Behind the scenes of winter readiness at YWG
December 28, 2020
There’s a reason why Winnipeg is known as Winterpeg. The extreme cold, high winds and heavy snow that regularly sweep through the city are enough to make even Jack Frost hide. But the conditions don’t bother the airfield maintenance crews at Winnipeg Richardson International Airport as they’re always ready for anything.
The team starts preparing for winter long before the temperatures start to drop. Orders are placed during the warmer months for the roughly 1,500 tons of specially-produced gravel used to improve traction on the runways, taxiways and aprons. Regular sand can’t be used as it could damage aircraft, leading to costly repairs and delays.

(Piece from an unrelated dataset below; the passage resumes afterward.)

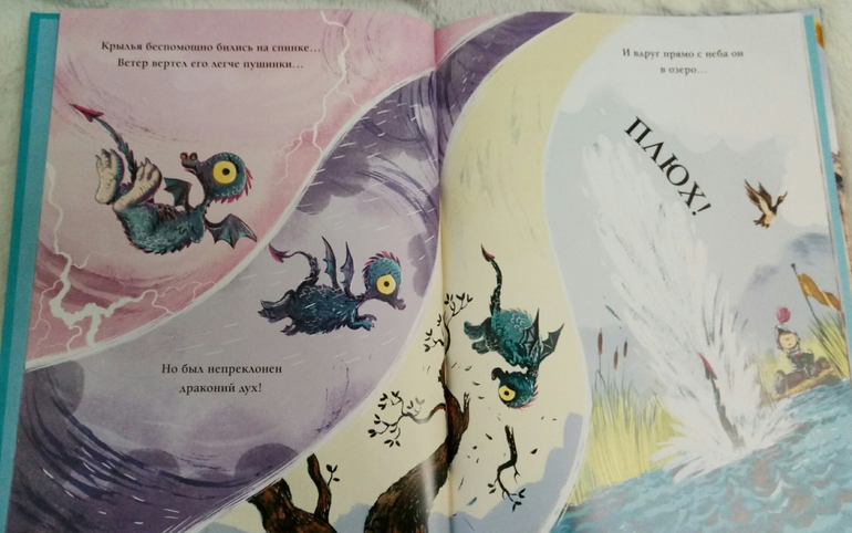 И сюжет в книге интересный! Одного бедного маленького дракончика сняли с родительского довольствия и отправили на поиски пищи, в ужасную непогоду

“We’re thinking about winter in the middle of summer,” said Jeff Rorabeck, Manager of Airfield Services. “The majority of our preparation, preventative maintenance and planning is done between April and November. We need to be working a few months ahead so we’re always ready.”
Storing the equivalent of 214 elephants’ worth of weight of gravel requires equally huge structures. Before being spread on the airfield, the tiny pebbles are moved to a heated building to thaw so they can better stick to the 1.1 million square metres of pavement better.
Two different types of salt, 18,000 kg of a granular form and 55,000 gallons of a liquid form, are also used each winter to prevent ice from forming. Helping them to distribute all of that the material is a fleet of massive heavy-duty machinery. The airfield crews have 40 pieces of equipment available to them including graters, snow blowers and plows equipped with brushes to sweep away snow.
“Equipment is the biggest challenge when it comes to our winter operations,” said Rorabeck. “We always have an extra piece of equipment on standby in case one needs to be looked at by our mechanics.”
To help keep the airport operating 24/7/365, four crews of eight employees are stationed at YWG around the clock. This allows them to quickly respond to anything Mother Nature throws their way. Fueling them during those long, wintry nights are countless cups of coffee.
“It’s challenging work,” said Rorabeck. “You’re clearing everything to do it all over again in just a few hours. But every single member of the airfield maintenance team is dedicated and driven. I’m extremely proud of our crew.”
It’s thanks to their preparation and teamwork as well as our constant finger on the forecast that helps keep flights moving safely regardless of the weather.